The government can permanently disarm someone with prior convictions for financial felonies, a federal appeals court has ruled.

On Monday, a three-judge panel for the Second Circuit Court of Appeals unanimously rejected a New York man’s as-applied challenge to restore his Second Amendment rights despite a pair of decade-old bank and tax fraud convictions. Though the plaintiff argued that the federal felon-in-possession ban should not apply to someone with only non-violent offenses, the panel ruled that the Second Amendment allows Congress to categorically ban all felons from having guns–relying largely on discriminatory historical laws that barred blacks, Catholics, and native Americans from owning firearms.

“Because legislatures at or near the Founding had the authority to pass laws disarming large classes of people based on status alone, we conclude that the Second Amendment does not bar Congress from passing laws that disarm convicted felons, regardless of whether the crime of conviction is nonviolent,” Judge Gerard Lynch wrote in Zherka v. Bondi.

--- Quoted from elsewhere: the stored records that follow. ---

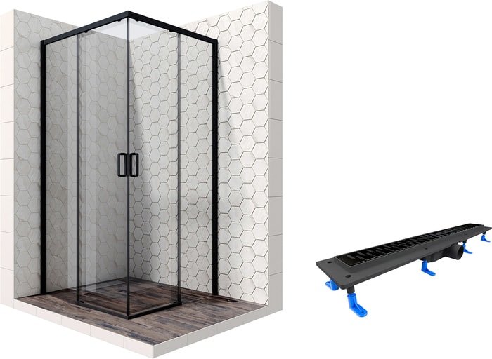 | Информация | Комплект душевого уголка с линейным трапом |
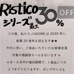 こんにちは、中村です!ただいま、J’ADORE(ジャドール)ではリスティコ商品が30%オフのキャンペーンを実施しています。キャンペーン期間も残り半分となりました。このチャンスをお見逃しなく!
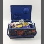 HABERDASHERY HEAVEN!! - A nice wee padded and floral patterned sewing box with handle FILLED with sewing items like reels of thread, scissors, measuring tape and SO MUCH MORE! - dimensions of basket 25cm length x 12cm height x 17cm depth
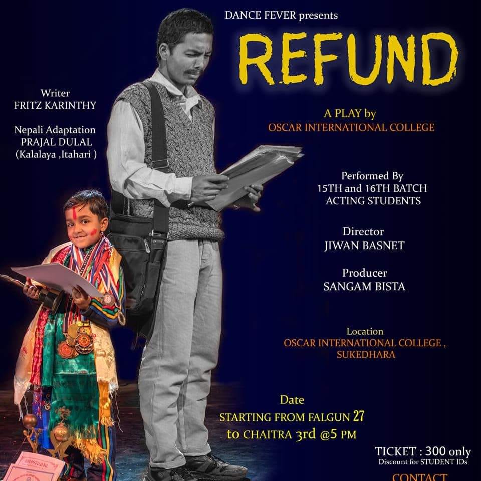 Refund is a stage play directed by Prajal Dulal and performed by Kalalaya Itahari, the city’s only active theatre group. The drama tells the story of Gopal Khatri, a frustrated student who demands a refund of his schooling expenses, blaming poor education for his failures in the job market.

The ruling expands the ongoing circuit split among lower courts over whether non-violent individuals can overcome lifetime disarmament. It aligns the Second Circuit with the Fourth, Eighth, Ninth, Tenth, and Eleventh Circuits in holding the government can lawfully disarm all felons. Meanwhile, the Fifth and Sixth Circuits have suggested the opposite, and the Third Circuit has explicitly struck down the federal ban as applied to one individual non-violent convict, leaving a nationwide gap in the most commonly enforced federal gun law that only the Supreme Court can resolve.

The Second Circuit’s foray into the legal divide stems from a lawsuit filed by Selim Zherka, a New York-based former strip club owner and real estate developer with a large social media following, who now sells dating courses. Zherka was federally indicted in 2014 for an alleged scheme that involved receiving hundreds of millions of dollars from fraudulent bank loan applications, filing numerous false tax returns, and witness tampering. He ultimately pled guilty to one count of conspiracy in 2015 and was sentenced to 37 months in prison. The court also ordered him to pay nearly $8.5 million in fines, restitution, and forfeiture.

He completed his prison sentence in 2017, and his supervised release ended in May 2020.

Later that same year, he sued the Attorney General to regain his gun rights. He argued that the federal felon-in-possession ban is unconstitutional as applied to non-violent felons like him and that the government can only disarm him after an individualized finding of dangerousness. A district court judge dismissed his case in 2022, and the Second Circuit agreed to hear his appeal.

Reviewing his claims, the panel first conceded, over the protestations of the Department of Justice (DOJ), that Zherka is part of “the people” covered under the text of the Second Amendment.

“The Supreme Court’s broad definition of ‘the people’ in Heller, moreover, betrays no intent to carve certain classes from ‘the people’ only in the context of the Second Amendment,” Lynch, a Barack Obama appointee, wrote. “We will neither jeopardize the scope of other rights nor demean the status of Second Amendment rights by narrowly circumscribing the classes of Americans to whom those rights belong.”

Turning to the historical analysis, however, the panel accepted the federal government’s invocation of bigoted Founding-Era laws that disarmed Catholics, blacks, and Native Americans as valid analogues of the modern gun ban for convicted felons.

“English, American colonial, and early American histories abound with examples of laws demonstrating that legislatures had broad authority to regulate firearms, including by disarming large classes of people based on their status alone,” Lynch wrote. “Religious minorities, political dissenters, Native Americans, and persons of color were among the disfavored groups that historical legislatures disarmed based on a perception that persons in those categories were inherently dangerous or non-law-abiding.”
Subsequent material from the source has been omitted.